Our political geography has been deciphered by several studies by the Metropolitan Institute at Virginia Tech, political scientist James Gimpel with The Christian Science Monitor’s Patchwork Nation website, and journalist Bill Bishop in his book titled, The Big Sort. All these studies show how the basic divisions plays out among urban, rural, and suburban communities. The best way to examine this phenomenon is with census demographic data by county.

The following table shows how presidential voting in 2000 and 2004 broke down by county characteristics. The relevant county data include population per sq. mi., median family income, share of married households, share of female heads-of-household, as well as shares of white and black households.

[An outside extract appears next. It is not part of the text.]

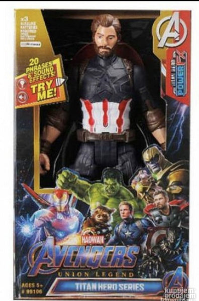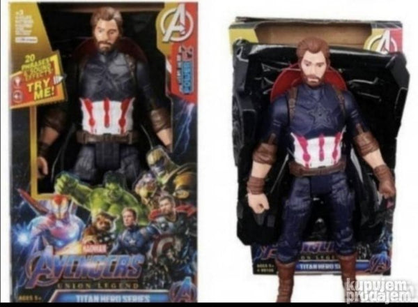 Kapetan amerika igračka sa zvučnim efektima će oduševiti Vašeg malog kapetana ! Akcioni junaci su omiljeni kod dečaka a K. Amerika lutka koja govori je savršen poklon za svaku priliku. Ova Kapetan amrika figura je napravljena od kvalitetne plastike i pritiskom na dugme izgovara neku frazu. Sjajno napravljena igračka za dečake. Baterije uključene. Visina igračke je 30cm.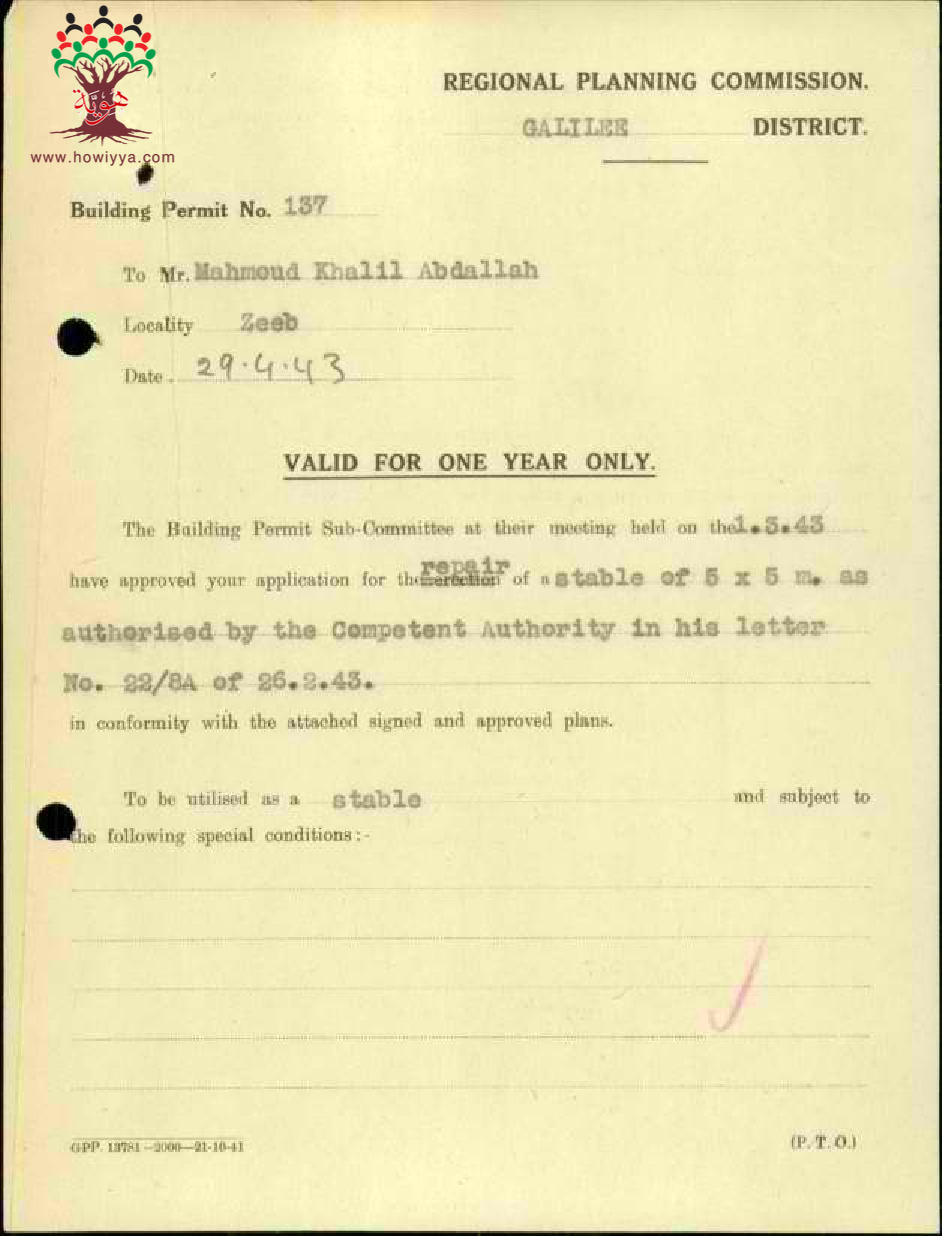 رخصة بناء صالحة لمدة سنة ل محمد خليل عبد الله-الزيب

Regression analysis confirms that population density and marriage status explain most of the differences in voting patterns. One might guess that race was a more significant factor, but female heads-of-household and black households were very highly correlated—at .81, where 1.0 is perfect correlation—and female heads-of-household dominated the racial factor.


Fast forward to 2008 and this is where it gets interesting. We apply this same methodology to recent hotly contested Democratic primaries and what we discover about how different communities voted may surprise those banking on a new post-partisan geography.

The following table displays the county profiles of three state primaries in Pennsylvania, North Carolina and Indiana compared to the national profile. Amazingly, these 259 counties offer almost a perfect demographic sample for the total set of the nation’s counties, so these three primaries taken together offer a good proxy for the national profile.


Comparing the primary results for these three states to the election results for the same counties in 2000 and 2004, yields the following results.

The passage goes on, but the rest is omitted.